You can also define the value of an enumerator in terms of a previous enumerator. Throwing everything you’ve seen so far into a single example, you could define the type Day as follows:

enum class Day { Monday,                    Mon = Monday,
                 Tuesday  = Monday + 2,     Tues = Tuesday,
                 Wednesday = Tuesday + 2,   Wed = Wednesday,
                 Thursday = Wednesday  + 2, Thurs = Thursday,
                 Friday   = Thursday + 2,   Fri = Friday,
                 Saturday = Friday  + 2,    Sat = Saturday,
                 Sunday   = Saturday + 2,   Sun = Sunday
               };

Now variables of type Day can have values from Monday to Sunday and from Mon to Sun, and the matching pairs of enumerators correspond to the integer values 0, 2, 4, 6, 8, 10, and 12. Values for enumerators must be compile-time constants , that is, constant expressions that the compiler can evaluate. Such expressions include literals, enumerators that have been defined previously, and variables that you’ve specified as const. You can’t use non-const variables, even if you’ve initialized them using a literal.

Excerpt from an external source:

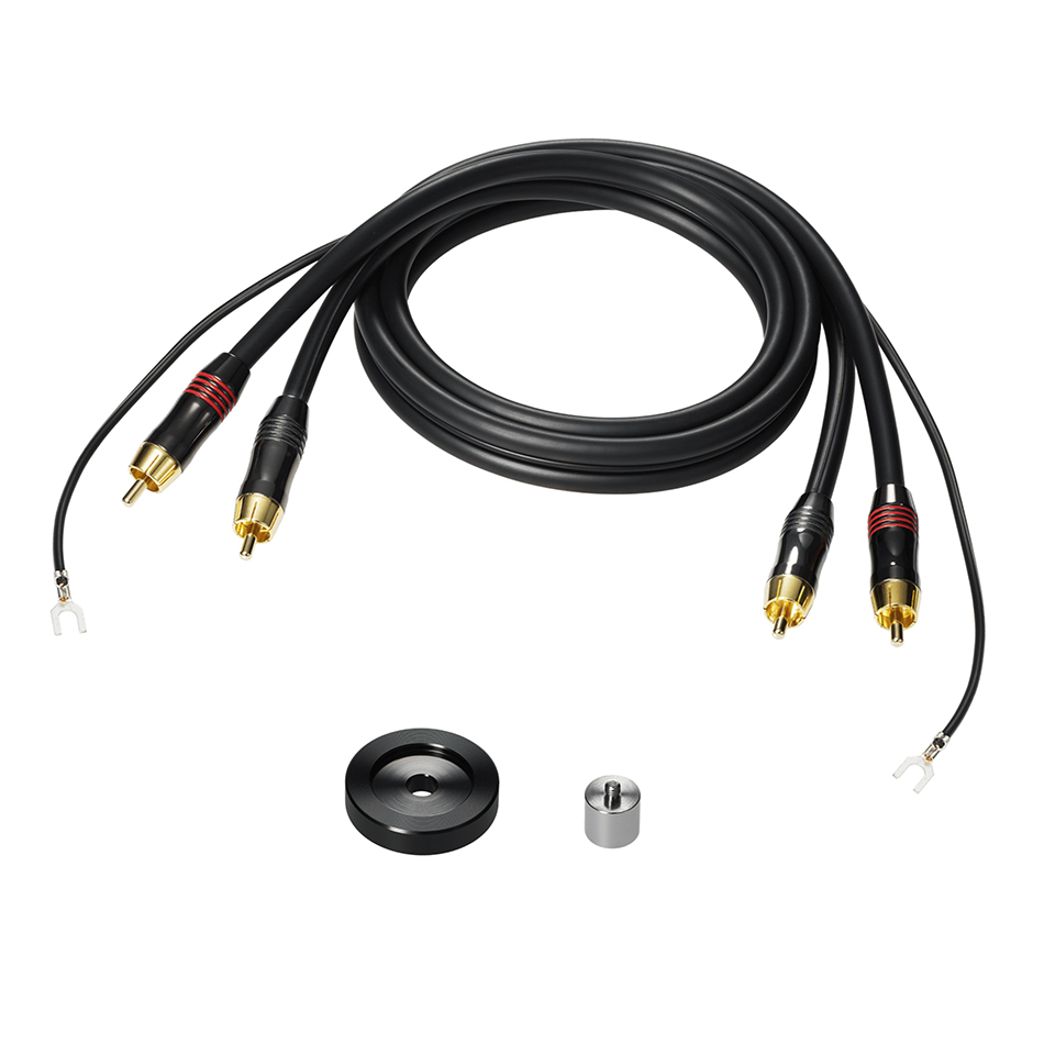 The turntable comes with a detachable RCA output cable (dual RCA male to dual RCA male with ground), 45 RPM adapter, and removable hinged dust cover.

The enumerators can be an integer type that you choose, rather than the default type int. You can also assign explicit values to all the enumerators. For example, you could define this enumeration:

enum class Punctuation : char {Comma  = ',', Exclamation = '!', Question='?'};

The type specification for the enumerators goes after the enumeration type name and is separated from it by a colon. You can specify any integral data type for the enumerators. The possible values for variables of type Punctuation are defined as char literals and will correspond to the code values of the symbols. Thus, the values of the enumerators are 44, 33, and 63, respectively, in decimal, which also demonstrates (again) that the values don’t have to be in ascending sequence.

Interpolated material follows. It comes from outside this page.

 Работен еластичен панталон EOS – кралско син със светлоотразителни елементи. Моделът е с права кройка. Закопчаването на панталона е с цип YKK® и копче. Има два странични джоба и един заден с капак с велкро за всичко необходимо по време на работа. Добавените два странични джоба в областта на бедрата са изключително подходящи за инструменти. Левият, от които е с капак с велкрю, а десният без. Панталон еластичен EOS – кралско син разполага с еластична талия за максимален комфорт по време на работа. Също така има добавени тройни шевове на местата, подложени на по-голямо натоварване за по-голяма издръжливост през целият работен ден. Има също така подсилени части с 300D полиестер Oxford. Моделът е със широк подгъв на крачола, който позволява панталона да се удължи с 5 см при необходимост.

Here’s an example that demonstrates some of the things you can do with enumerations:

// Ex3_02.cpp
// Operations with enumerations
#include <iostream>
#include <iomanip>
int main()
{
  enum class Day { Monday, Tuesday, Wednesday, Thursday, Friday, Saturday, Sunday };
  Day yesterday{ Day::Monday }, today{ Day::Tuesday }, tomorrow{ Day::Wednesday };
  const Day poets_day{ Day::Friday };
  enum class Punctuation : char { Comma = ',', Exclamation = '!', Question = '?' };
  Punctuation ch{ Punctuation::Comma };
  std::cout << "yesterday's value is " << static_cast<int>(yesterday)
    << static_cast<char>(ch) << " but poets_day's is " << static_cast<int>(poets_day)
    << static_cast<char>(Punctuation::Exclamation) << std::endl;
  today = Day::Thursday;                    // Assign new ...
  ch = Punctuation::Question;               // ... enumerator values
  tomorrow = poets_day;                     // Copy enumerator value
  std::cout << "Is today's value(" << static_cast<int>(today)
            << ") the same as poets_day(" << static_cast<int>(poets_day)
            << ')' << static_cast<char>(ch) << std::endl;
//   ch = tomorrow;              // Uncomment ...
//   tomorrow = Friday;          // ... any of these ...
//   today = 6;                  // ... for an error.
}

The output is as follows:

yesterday's value is 0, but poets_day's is 4!
Is today's value(3) the same as poets_day(4)?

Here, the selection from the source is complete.